The system applied by local rulers in Iran indicates that they only adhered to a longstanding practice. For example, the Saffarid ʿAmr b. Layṯ (r. 879-900) had four treasuries, one of which (ḵazina-ye māl-e ḵāṣṣ) was for the upkeep of his court (Gardizi, p. 142; Barthold, p. 221). The Samanids had an office to manage the crown lands, called divān-e mamlaka-ye ḵāṣṣ, whose revenues were all dedicated to the ruler’s court (Naršaḵi, p. 36, tr., p. 26; Barthold, pp. 229, 231). Under the Ghaznavids the divān-e wekālat administered crown lands and the finances of the royal household. The private properties of the Ghaznavids (żiāʿ-e ḡazni-e ḵāṣṣ) were managed by the wakil-e ḵāṣṣ. These included not only land, but also herds and cash. Revenue assignments were given from confiscated land and land without heir (ṭayyārāt; Bosworth, 1963, pp. 69-70). In 1002, there was a divān al-ḵāṣṣa under the Buyids in Baghdad. It was a continuation of the divān al-żiāʿ al-ḵāṣṣa and was in charge of the Buyid family’s domains taken from the caliph’s property, confiscations, and other goods. The caliph’s private estates (żiāʿ al-solṭān) were given as fiefs to the army (Busse, pp. 149, 314-15; Barthold, p. 231).
SALJUQ AND MONGOL PERIOD
Under the Saljuqs the eqṭāʿ or revenue assignment dominated the system of land administration; crown lands did not play a major role. Nevertheless, these eqṭāʿs were granted from public lands, for those granted from ḵāṣṣa were reserved for the ruler and his family. Therefore there was an administration for the royal domains (amlāk-e ḵāṣṣ); moveable crown property was referred to as asbāb-e ḵāṣṣ, and both were managed by the divān-e ḵāṣṣ. The amlāk-e ḵāleṣāt-e divān is also mentioned and presumably administered public crown lands (Horst, pp. 19-20, 60-61; Montajab-al-Din, pp. 33, 52-53, 67, 72-73). Under the Ḵᵛārazmšāhs the amlāk al-ḵāṣṣ were likewise managed by the divān al-ḵāṣṣ (Nasavi, tr., pp. 175, 374, 407).

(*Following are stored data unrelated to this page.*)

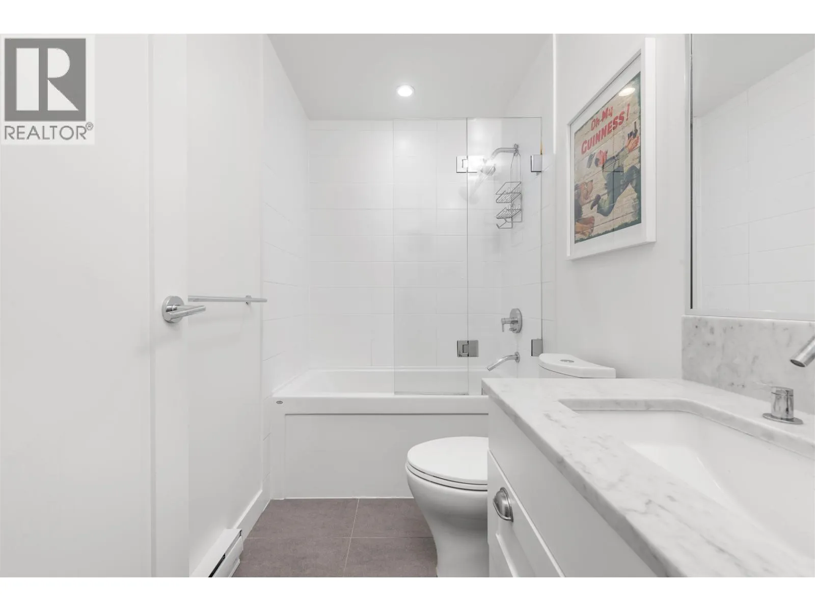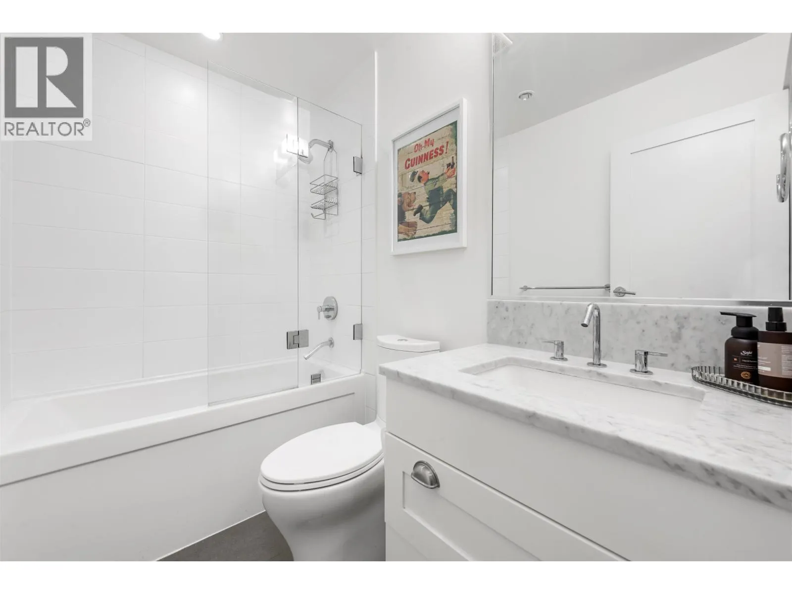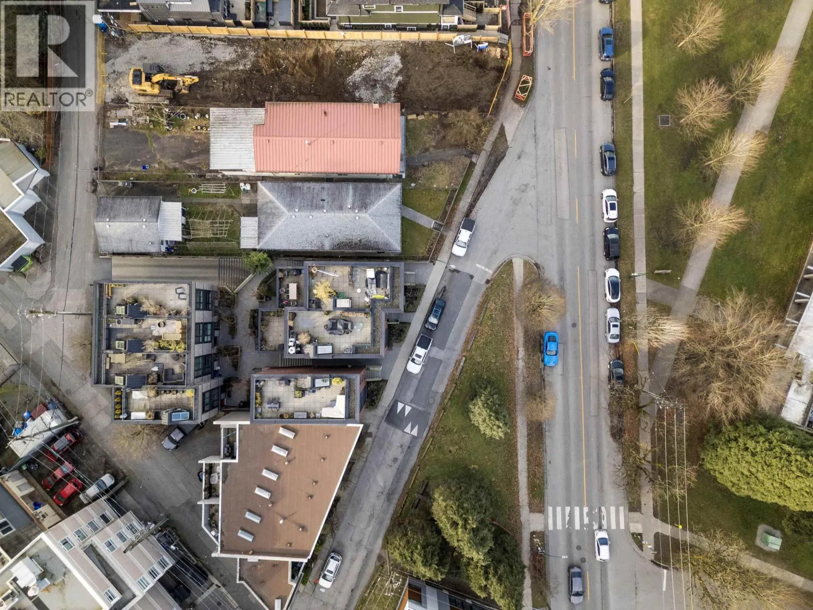 Welcome to Mason by Boffo, a boutique collection of modern townhomes located across from Trout Lake Park. This bright, stylish home features private street entry, soaring 12-foot ceilings, oversized windows, and open-concept living. The sleek kitchen includes quartz counters, marble tile backsplash, matte lacquer cabinets, and premium appliances. Enjoy a sun-soaked west-facing patio off the primary suite and a second bedroom with space for a home office. Updates include new hardwood floors throughout, custom built-in closets, and a new hot water tank. Includes one secure parking stall, storage locker, and bike storage. Steps to Trout Lake, trails, Commercial Drive, and SkyTrain. A must-see! (id:27476)
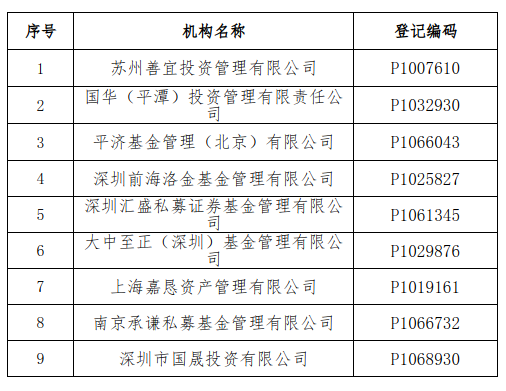 苏州善宜投资管理有限公司等9家私募基金管理人存在异常经营情形,且未能在书面通知发出后的3个月内提交符合规定的专项法律意见书,协会将注销该9家机构的私募基金管理人登记。已注销的私募基金管理人和相关当事人,应当根据法律法规、证监会规定以及协会相关自律规则、基金合同约定,妥善处置在管基金财产,依法保障投资者的合法利益。
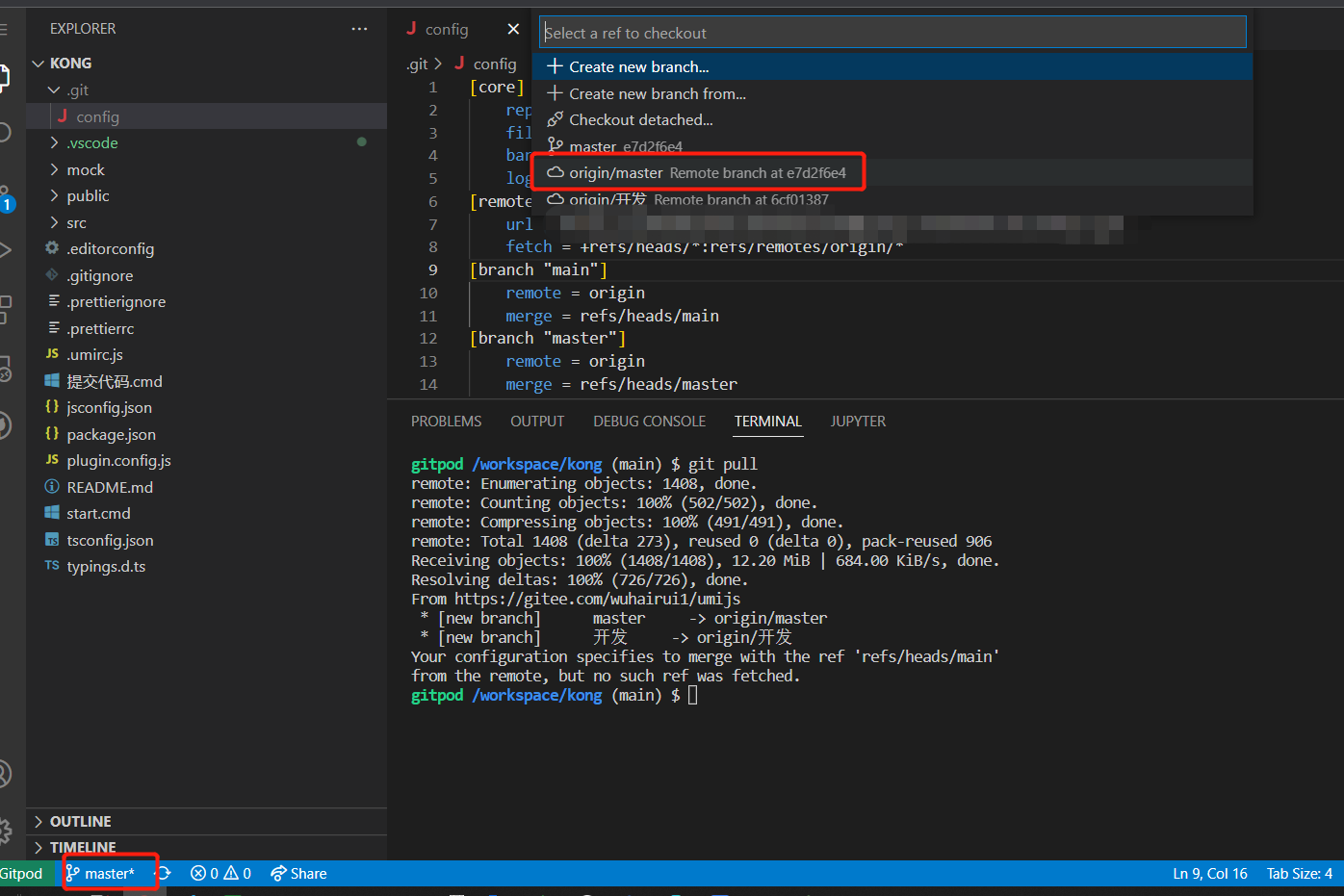 然后使用 git pull 命令将代码 pull 下来,切换到 master 分支即可。
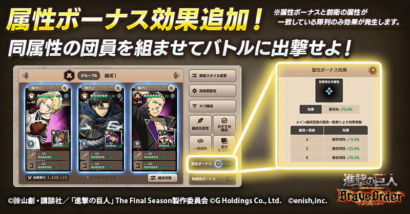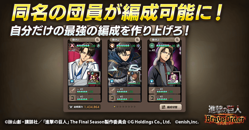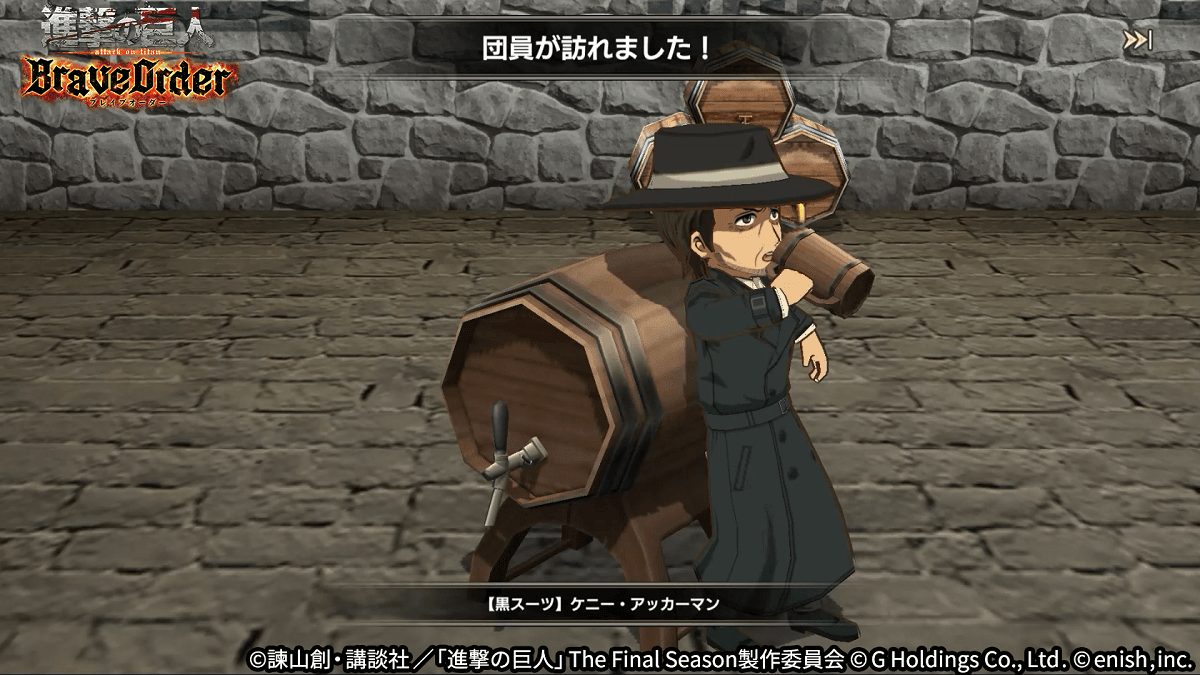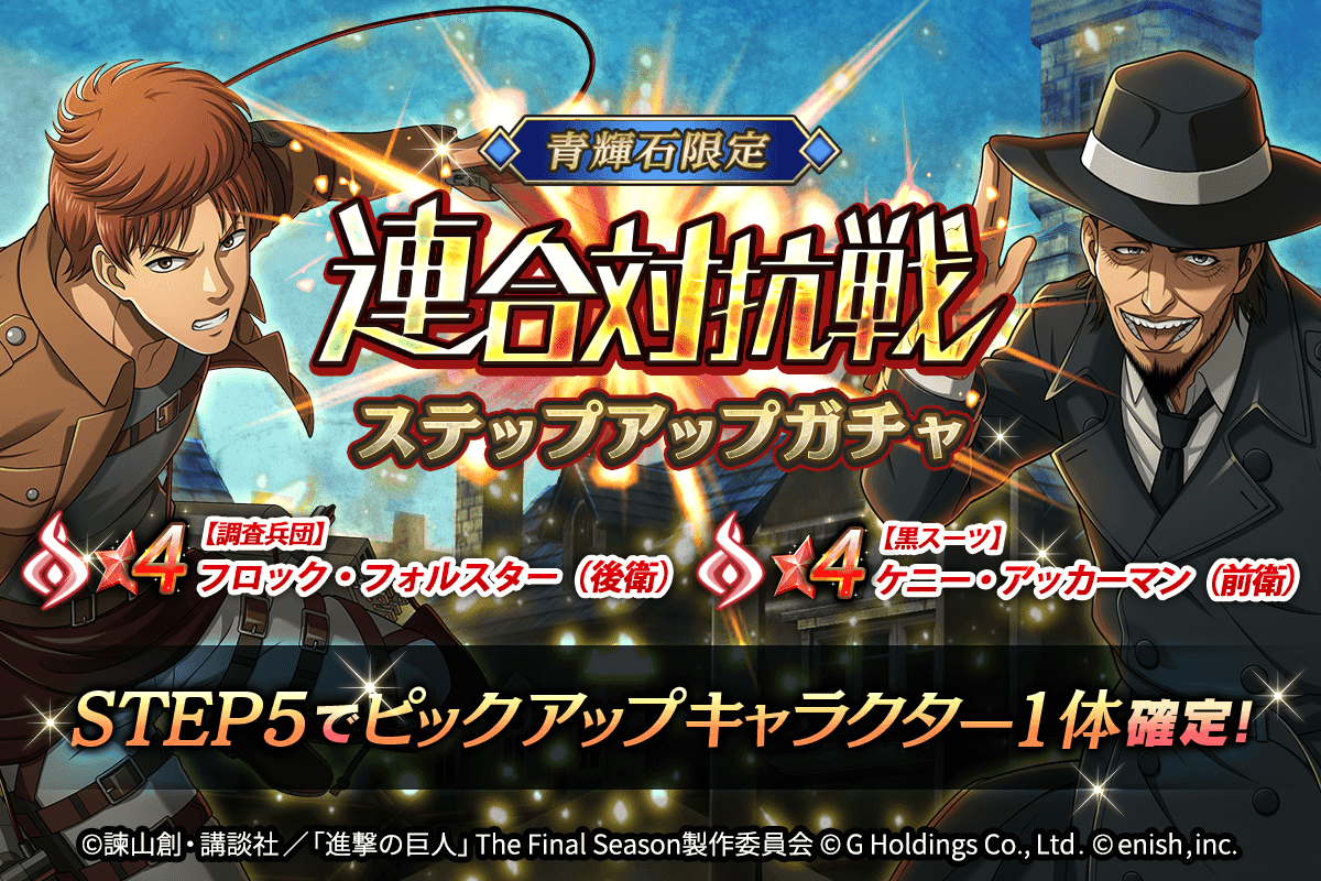 株式会社enish(本社:東京都港区、代表取締役社長:安徳 孝平、以下enish)は、アニメ『進撃の巨人』のスマートフォンゲーム最新作「進撃の巨人Brave Order」にて、12月7日(水)実装のVer1.13アップデートで巨人殲滅戦に新たな巨人が登場!また、連合対抗戦&殲滅戦キャンペーンも同時開催!さらに、本日より新登場の【黒スーツ】ケニー・アッカーマン、【調査兵団】フロック・フォルスターがピックアップされた「連合対抗戦ステップアップガチャ」も同時開催!その他、最新情報はゲーム公式サイト・ゲーム公式Twitterアカウントにて随時公開して行きますので、ぜひご覧ください。
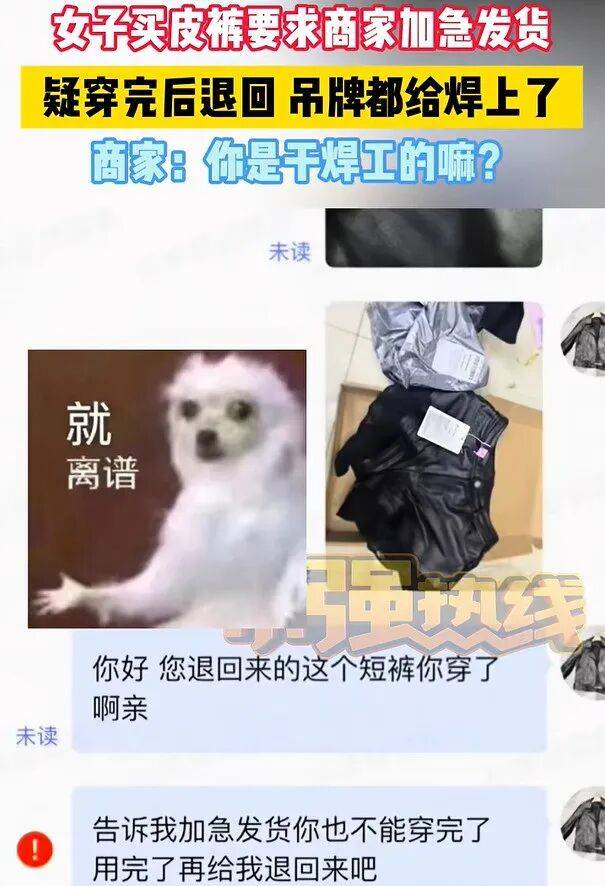 店家表示:(顾客)要加急发货,但穿完后再给我退了回来。吊牌剪后再焊接回去“焊接的老好了”。
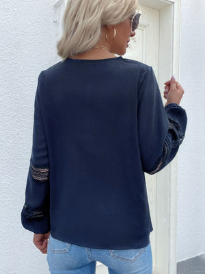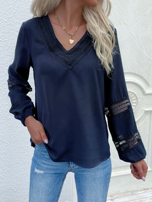 Navy Blue V-Neck Solid Long Sleeves Polyester Top
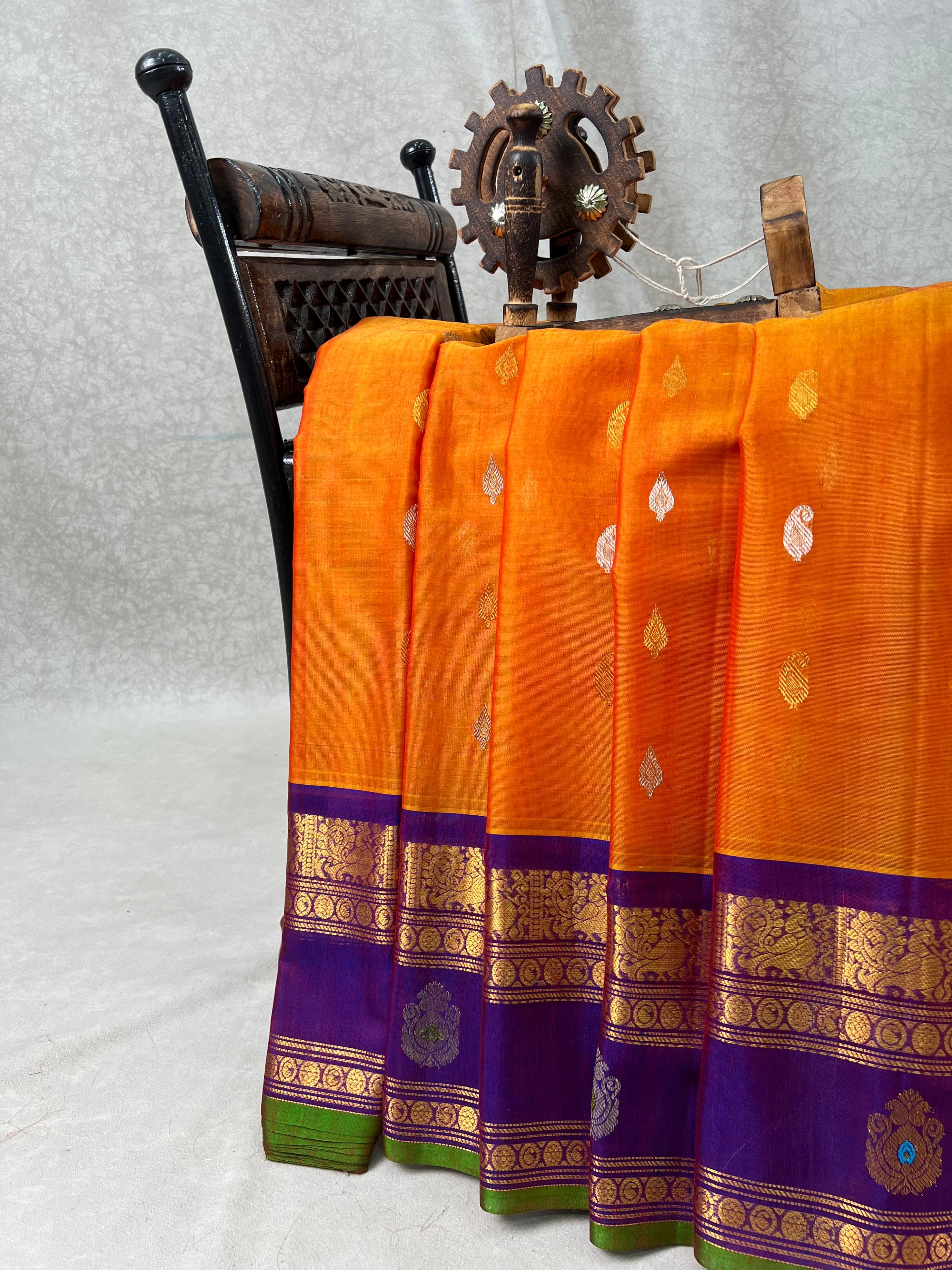 Elegant and timeless, this Gadwal Gap Border Meena Butta Cotton Silk Handloom Saree features a rich orange colour body adorned with delicate silver and gold buttas. The graceful purple border with intricate golden weaving and meena buttas with green selvedge adds a touch of grandeur, making it a perfect blend of tradition and sophistication. Comes with contrast blouse.

Under the Mongols crown lands were very important due to the fact that so many people had been killed, resulting in much conquered, abandoned, neglected, and/or unclaimed lands, which were all transformed into crown lands. There was great insecurity concerning property rights, resulting in the increase of state and crown lands (dālāy and inju). Private property was often confiscated and, as with abandoned lands, added to the inju. Some of these confiscated lands were identifiable as the ḵāṣṣa-ye atābaki, which the Il-khans had taken from the Salghurid rulers of Fars, known as Atābakān-e Fars (r. 1148-1287; Waṣṣāf, red. Āyati, pp. 123-24; Ḥafeẓ-e Abru, 1996- 99, II, p. 183; Zarkub, p. 94). The properties acquired were divided into dālā or dālāy and inju—terms denoting that they belonged to the ruler. The same terms were applied to properties granted as appanages to his relatives (Rašid-al- Din, pp. 19-20, 351; Doerfer, I, p. 325; Petrushevskiĭ, tr., II, p. 448). A. Zarkub makes an interesting statement to the effect that, when Maḥmudšāh Inju (r. 1304-25) became independent in Fars, “inju and dālā became one” (Zarkub, p. 101), suggesting that dālā was crown land granted as an appanage, while inju was crown land belonging directly to the ruler. The term inju denoted not only landed estates but also persons, because everybody living and working on these estates was dependent on the Il-khan. Sometimes cities, such as Ani under Abu Saʿid (r. 1316-35), hoped to be protected by becoming inju property, in the same manner as the practice of eltejāʾ (seeking refuge, protection) under the early caliphs (Petrushevskiĭ, tr., II, pp. 250-51; Rašid-al-Din, tr. Quatremère, pp. 130, n. 112).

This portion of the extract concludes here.